The Vermont Air National Guard dramatically increased the number of F-35 flights from its South Burlington base in the first week of April, despite official claims that there had been “no change” in flight operations.
The 158th Fighter Wing flew five times as many times during the week of March 29 to April 4 as it did the previous week, an increase residents of the Burlington area — many of whom were stuck working from home during the coronavirus pandemic — noted with dismay.
In the week beginning March 22, Guard pilots participated in just eight flights, aka "sorties," from the runway the Guard shares with the Burlington International Airport. In the previous two weeks, there had been six and eight flights, respectively.
But that changed noticeably the following week, when the powerful F-35s not-so-stealthily roared into the skies above Vermont a total of 42 times, according to limited flight counts the Guard provided to Seven Days.
The five-fold increase was the most significant weekly spike in fighter operations at the base since the first two F-35 Lightning II jets arrived from Texas to great fanfare in September. Since then, 13 more aircraft have been gradually added to the flight line for a total of 15 currently in operation. Twenty are expected to be in service by this summer, according to the Guard.
The period ending April 4 also represented a new record for total flights in a week; the previous record was 34 during the week of January 5 to January 11, according to the Guard data.
When asked April 3 why the number of flights were soaring, the Guard responded with evasion and denial. Capt. Mike Arcovitch, a Guard spokesperson, told Seven Days that there was “no change in daily operations.”
A press release put out at the same time contained no information about flight frequency, stating merely that the fighter wing "would continue flying operations as scheduled” during the coronavirus pandemic.
Asked to clarify whether there was an increase in flights, Arcovitch downplayed any change, texting: "Still morning take offs and afternoon take-offs - no increase."

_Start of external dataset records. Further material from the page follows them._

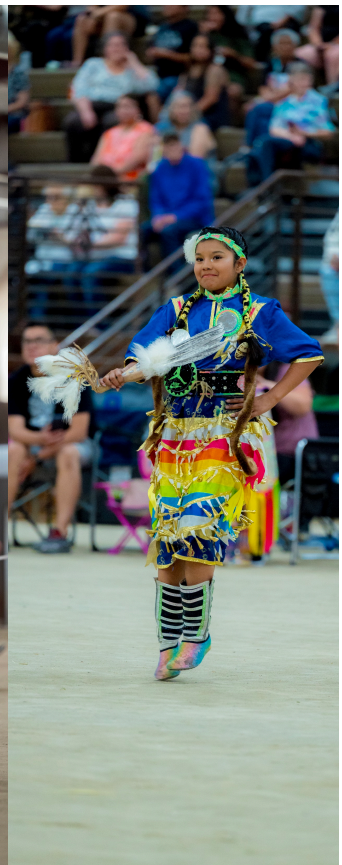
'Tis the Season!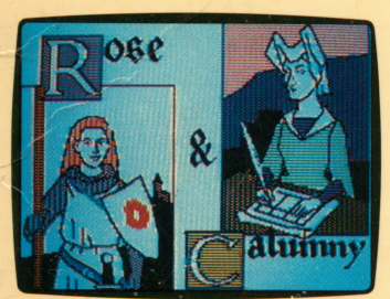
Rose & Calumny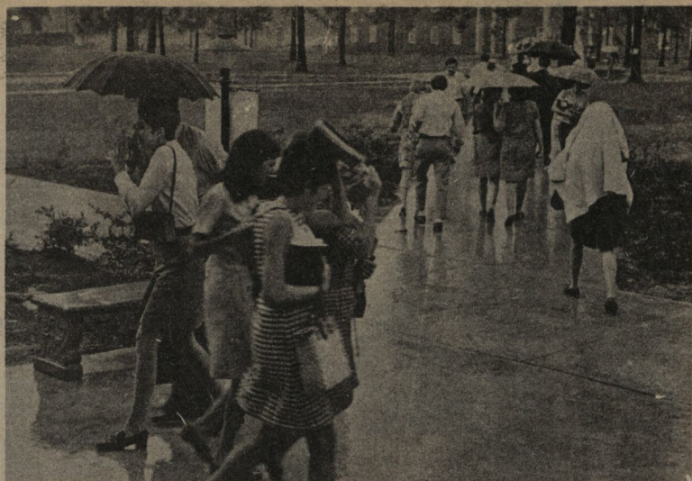
Armstrong students use various types of paraphernalia to dodge raindrops during a recent cloudburst that soaked the campus.

Other spokesmen criticized the over-all redundancy of the document. Dr. Hall announced that any suggestions for changes to the code should be submitted to members of the committee for consideration before the code is brought up for a vote. The committee itself will undergo a change. A faculty member who had been present at the faculty voting noted a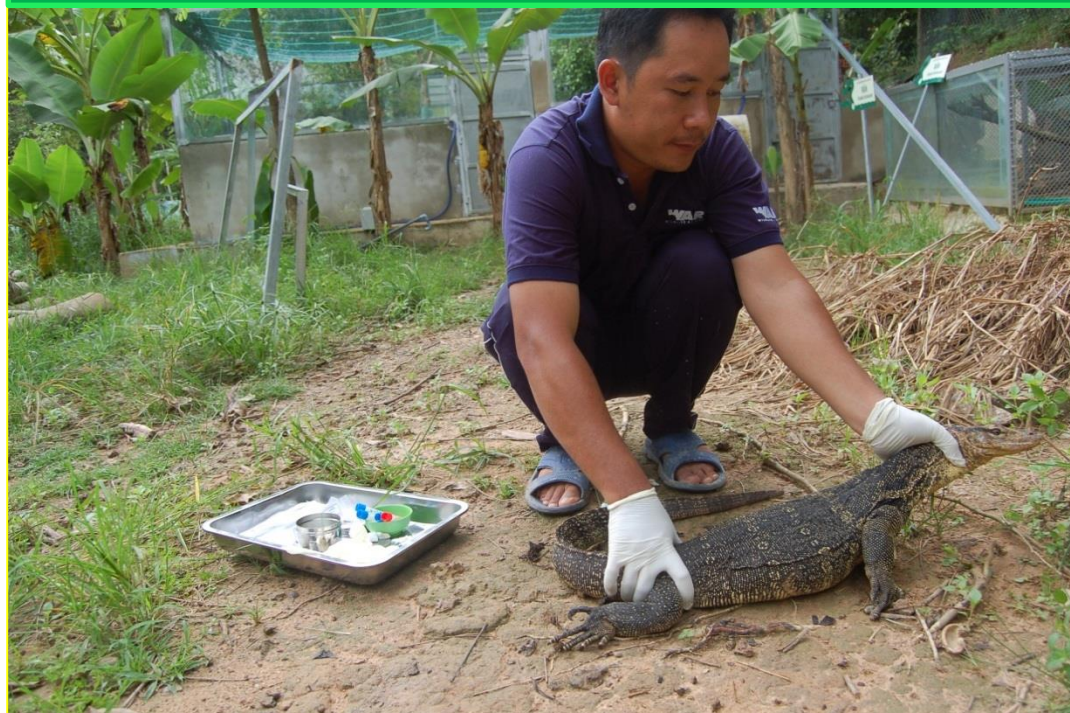
WARs veterinarian is performing a health check on a water varan ( Varanus salvator )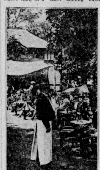
Parisian Boulevard Cafe.

Both might have added that certain beverages have a peculiar way of losing their flavor when consumed elsewhere than in a cafe. Among such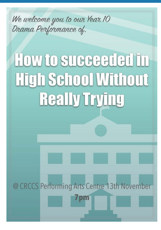
Year 10 Drama Performance Flyer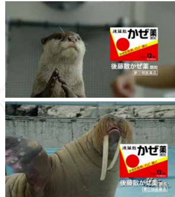
umitamago(Oita Aquarium) Crossover CM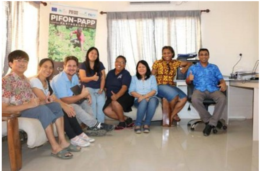
PIFON Secretariat staff with AFA staff at the PIFON office in Legalega, Nadi, Fiji

Topics covered in the three and a half day workshop included the review and adjustment of quantitative and qualitative targets, the 2017 work plan and budget and the review and upgrading of the PIFON M&E, Finance and Procurement Policy/Procedures and KM plan. The PIFON team are now in a better position to conduct training on KM, Finance and M&E at the Learning and Planning meeting in November.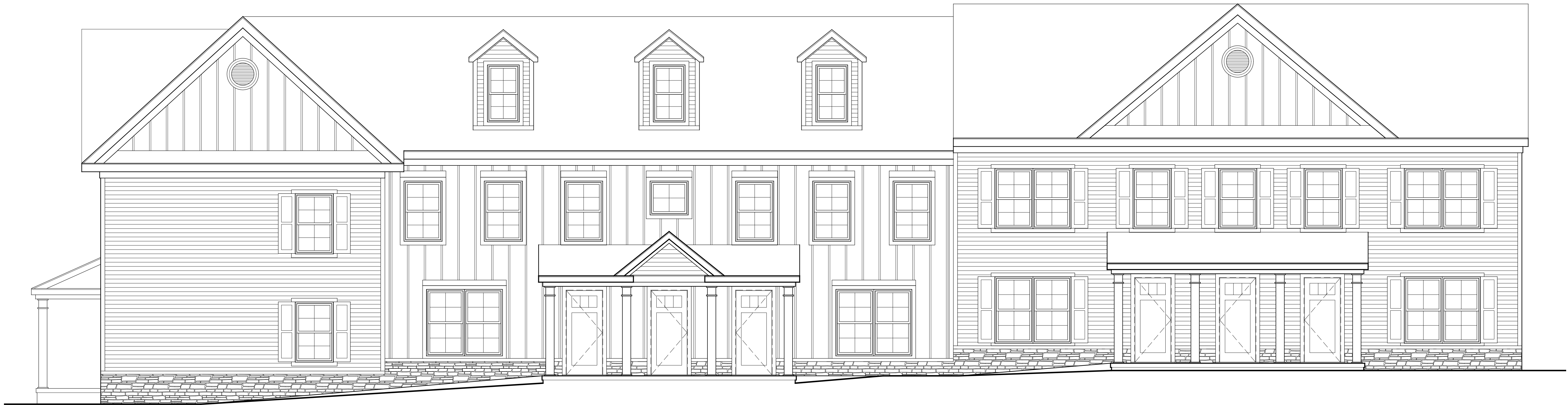
2 WOODLAND AVENUE ELEVATION SCALE: 1/4" = 1'-0"

After a formal request last week, however, the Guard provided Seven Days with weekly flight data that clearly showed a sharp increase in flights.
Col. Dave Shevchik explained that the increase was due largely to six planes and their crews returning to Burlington at the end of March from eight weeks of training in Florida.

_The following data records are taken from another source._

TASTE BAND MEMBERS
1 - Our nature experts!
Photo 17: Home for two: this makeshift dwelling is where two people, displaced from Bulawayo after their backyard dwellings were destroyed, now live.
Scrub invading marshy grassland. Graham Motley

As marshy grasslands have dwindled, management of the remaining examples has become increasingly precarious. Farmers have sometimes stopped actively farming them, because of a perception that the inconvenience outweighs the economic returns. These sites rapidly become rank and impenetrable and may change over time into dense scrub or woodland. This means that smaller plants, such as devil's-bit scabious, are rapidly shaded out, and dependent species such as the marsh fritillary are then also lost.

“Those planes had returned, which was consequently why … that first week in April you see an increase in operations,” Shevchik said.
Asked to clarify why he said there was no increase in operations when clearly there had been, Arcovitch issued a clarification, of sorts. “What we have said is accurate - there is no change to operations,” Arcovitch wrote.
By that, Arcovitch said, he meant that there was no change in the Tuesday to Friday schedule of groups of four to eight fighters taking off in the morning and afternoon, weather and other factors permitting.
“Our operations during the week in question remained within those parameters, which is why from my perspective I said no increase,” Arcovitch wrote in a message.
The spike in flights came at an inopportune time for the Guard, firing up long-time critics and creating new ones.
“Around April 1, there was a huge increase in the noise from the F-35,” said Jimmy Leas, a persistent critic of the decision to base the plane in an urban area.
Leas created an online complaint form back in February, but the numbers filed were modest until that first week in April, when they began flooding in, he said.
Many were reporting uncomfortable noise levels inside their homes, leading Leas to predict that complaints will rise significantly as the weather warms up and the Guard reaches its full flight capacity.
Richard Olmstead said he and his wife have been laid off from their jobs and are stuck at home in Winooski trying to homeschool three young kids in what sounds like a war zone.
The thunderous F-35s are far louder than the F-16s such that the family can’t continue a call, conduct a lesson or have a conversation inside their own home.
“We live in a brick house that shakes when they go over,” Olmstead said. “I’m just infuriated by it.”
Leas was also behind a petition, now signed by about 1,800 people, urging Gov. Phil Scott to suspend flight operations during the pandemic, which the governor declined to do, highlighting all the help the Guard has provided the state in the pandemic fight. The Burlington City Council took up a similar resolution at a meeting earlier this month and passed it by an 11 to 1 vote.
Shevchik chalked the whole thing up to an innocent miscommunication over the “operational terms” used by military public affairs officials. He stressed that any such confusion should not be “construed as misleading or evasive.”
“I’m committed to transparency and open conversations within the bounds of operational security,” he said.